Deep-Learning-Based COVID-19 Diagnosis and Implementation in Embedded Edge-Computing Device

Deep learning and artificial intelligence offer promising tools for improving the accuracy and efficiency of diagnosing various lung conditions using portable chest x-rays (CXRs). This study explores this potential by leveraging a large dataset containing over 6,000 CXR images from publicly available sources. These images encompass COVID-19 cases, normal cases, and patients with viral or bacterial pneumonia. The research proposes a novel approach called "Enhancing COVID Prediction with ESN-MDFS" that utilizes a combination of an Extreme Smart Network (ESN) and a Mean Dropout Feature Selection Technique (MDFS).
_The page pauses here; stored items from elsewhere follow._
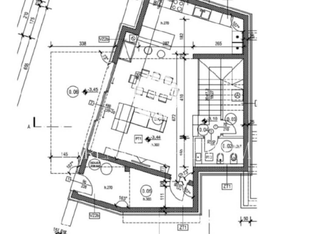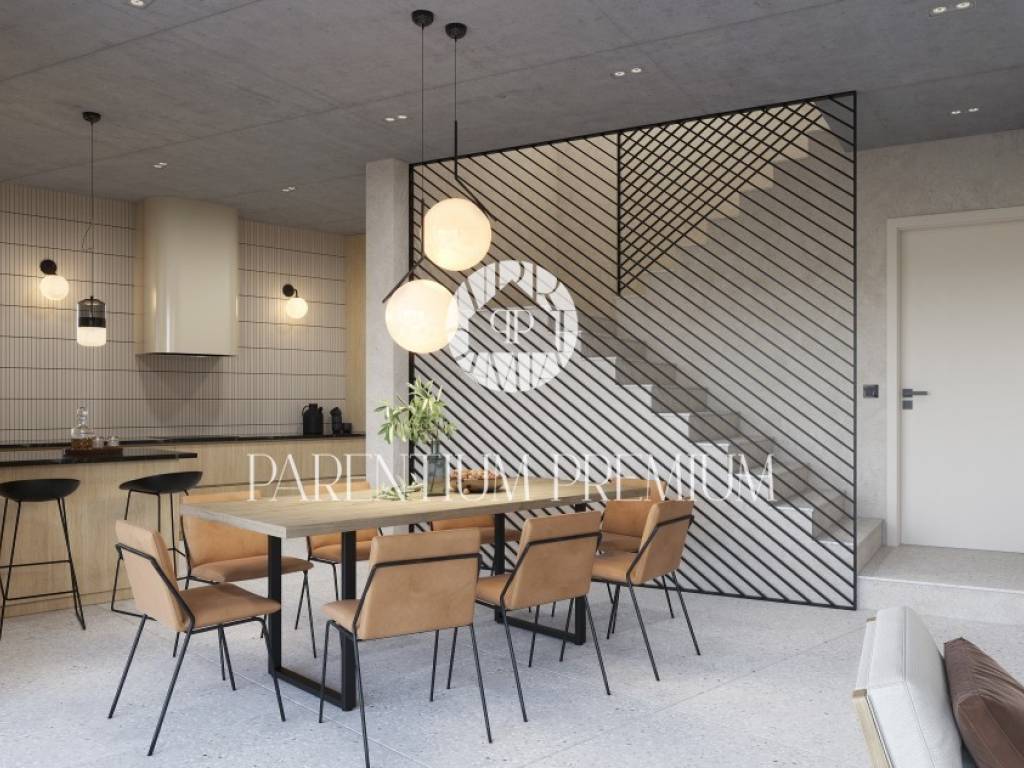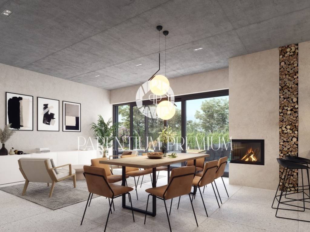 U prizemlju će se nalaziti prostrani open space dnevni boravak sa kaminom na drva te velikom kliznom stijenom koja će voditi na terasu gdje se smjestila ljetna kuhinja i grijani bazen veličine od 56m2. Na ovoj etaži ćemo imati još kuhinju, blagovaonu, spremište i manji WC.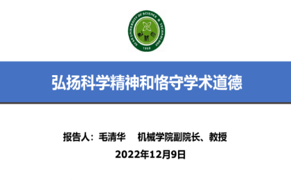 12月9日晚,Beat365官方网站举办线上“弘扬科学精神和恪守学术道德”主题教育讲座。讲座由Beat365官方网站副院长毛清华教授主讲,2022级研究生和教师参加了本次讲座。
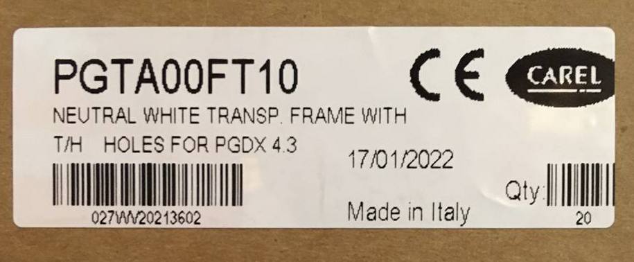 РАМКА БЕЛАЯ ПРОЗРАЧНАЯ С ОТВЕРСТИЯМИ ДЛЯ ДАТЧИКА ТЕМПЕРАТУРЫ И ВЛАЖНОСТИ ДЛЯ CAREL PGDX 4.3", PGTA00FT10

This study aimed to enhance multi-class lung condition detection in portable chest X-rays by combining static texture features with dynamic deep learning features extracted from a pre-trained VGG-16 model. To optimize performance, preprocessing, data imbalance, and hyperparameter tuning were meticulously addressed. The proposed ESN-MDFS model achieved a peak accuracy of 96.18% with an AUC of 1.00 in a six-fold cross-validation. Our findings demonstrate the model’s superior ability to differentiate between COVID-19, bacterial pneumonia, viral pneumonia, and normal conditions, promising significant advancements in diagnostic accuracy and efficiency.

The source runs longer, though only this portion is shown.